Drop the pictures; give again exactly the lines from the one holding "Skær oksekødet i" through the end of the data.

## MATERIAL TO PROCESS
-=-=-=-=-

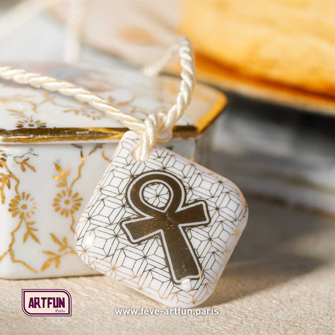 La chance vous sourit lorsque vous recevez la part de galette contenant la fève ! Surtout si c’est un Bijou qui vous accompagne toute l’année, un pendentif ou un porte-clé, une fève bijou en belle porcelaine avec fine dorure.
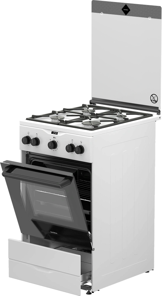 Объем духового шкафа в 50 литров позволяет готовить несколько блюд одновременно на четырех уровнях решетчатых направляющих.
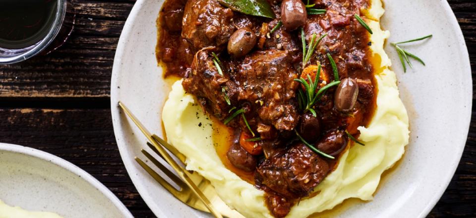 Skær oksekødet i store tern, og kom det i en beholder sammen med rødvin, 1 løg i tynde både, 1 kvist rosmarin, 2 laurbærblade, 3 kviste timian, revet appelsinskal, peberkorn og 2 fed hvidløg i skiver.
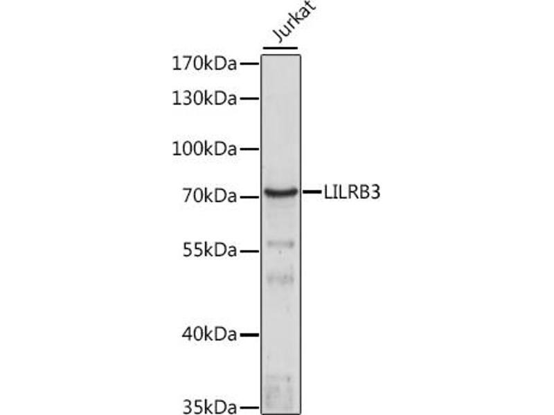 This gene is a member of the leukocyte immunoglobulin-like receptor (LIR) family, which is found in a gene cluster at chromosomal region 19q13.4. The encoded protein belongs to the subfamily B class of LIR receptors which contain two or four extracellular immunoglobulin domains, a transmembrane domain, and two to four cytoplasmic immunoreceptor tyrosine-based inhibitory motifs (ITIMs). The receptor is expressed on immune cells where it binds to MHC class I molecules on antigen-presenting cells and transduces a negative signal that inhibits stimulation of an immune response. It is thought to control inflammatory responses and cytotoxicity to help focus the immune response and limit autoreactivity. Multiple transcript variants encoding different isoforms have been found for this gene.,LILRB3,CD85A,HL9,ILT-5,ILT5,LILRA6,LIR-3,LIR3,PIR-B,PIRB,Immunology & Inflammation,CD markers,B Cell Receptor Signaling Pathway,LILRB3
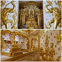 🏛️ The chedi is rectangular in shape, similar to Phra That Phanom. The top contains the relics of the Lord Buddha. You can also walk around the hall below, which is surrounded by beautiful golden Buddha statues.
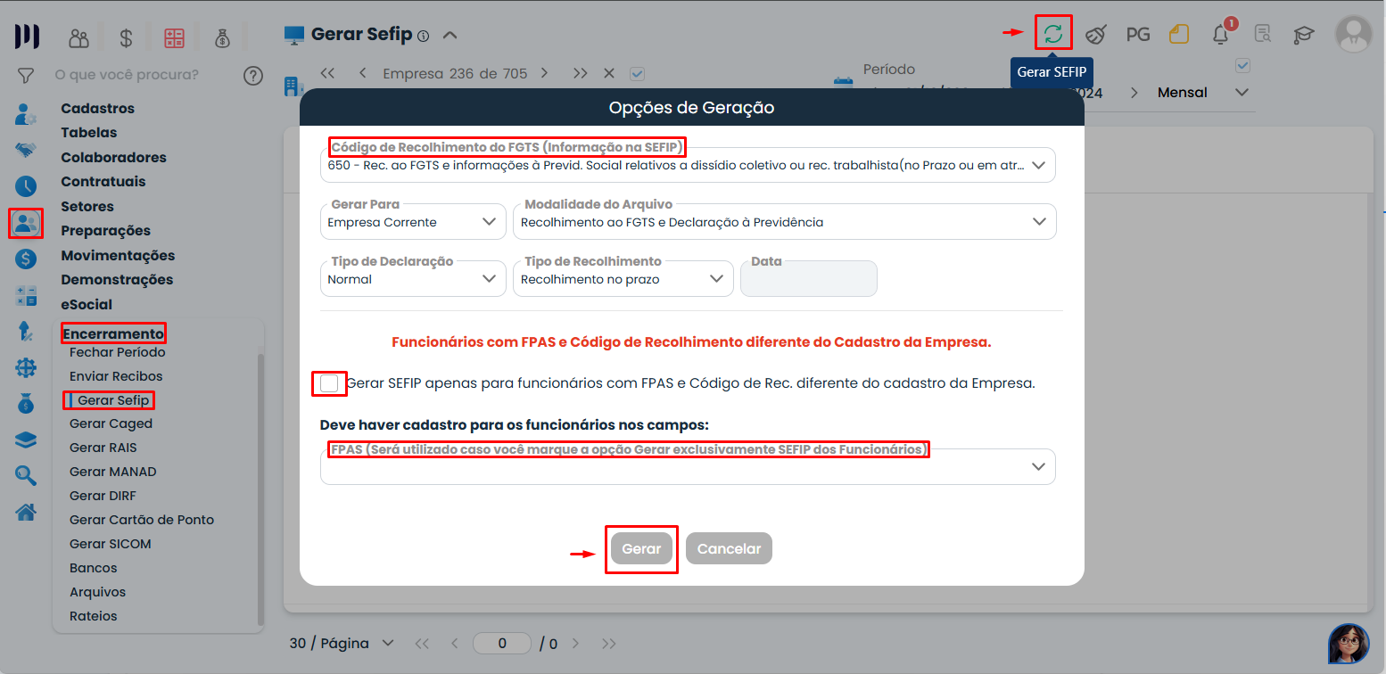 Clique em Gerar SEFIP

-=-=-=-=-

## WRITTEN RESPONSE
 Skær oksekødet i store tern, og kom det i en beholder sammen med rødvin, 1 løg i tynde både, 1 kvist rosmarin, 2 laurbærblade, 3 kviste timian, revet appelsinskal, peberkorn og 2 fed hvidløg i skiver.
 This gene is a member of the leukocyte immunoglobulin-like receptor (LIR) family, which is found in a gene cluster at chromosomal region 19q13.4. The encoded protein belongs to the subfamily B class of LIR receptors which contain two or four extracellular immunoglobulin domains, a transmembrane domain, and two to four cytoplasmic immunoreceptor tyrosine-based inhibitory motifs (ITIMs). The receptor is expressed on immune cells where it binds to MHC class I molecules on antigen-presenting cells and transduces a negative signal that inhibits stimulation of an immune response. It is thought to control inflammatory responses and cytotoxicity to help focus the immune response and limit autoreactivity. Multiple transcript variants encoding different isoforms have been found for this gene.,LILRB3,CD85A,HL9,ILT-5,ILT5,LILRA6,LIR-3,LIR3,PIR-B,PIRB,Immunology & Inflammation,CD markers,B Cell Receptor Signaling Pathway,LILRB3
 🏛️ The chedi is rectangular in shape, similar to Phra That Phanom. The top contains the relics of the Lord Buddha. You can also walk around the hall below, which is surrounded by beautiful golden Buddha statues.
 Clique em Gerar SEFIP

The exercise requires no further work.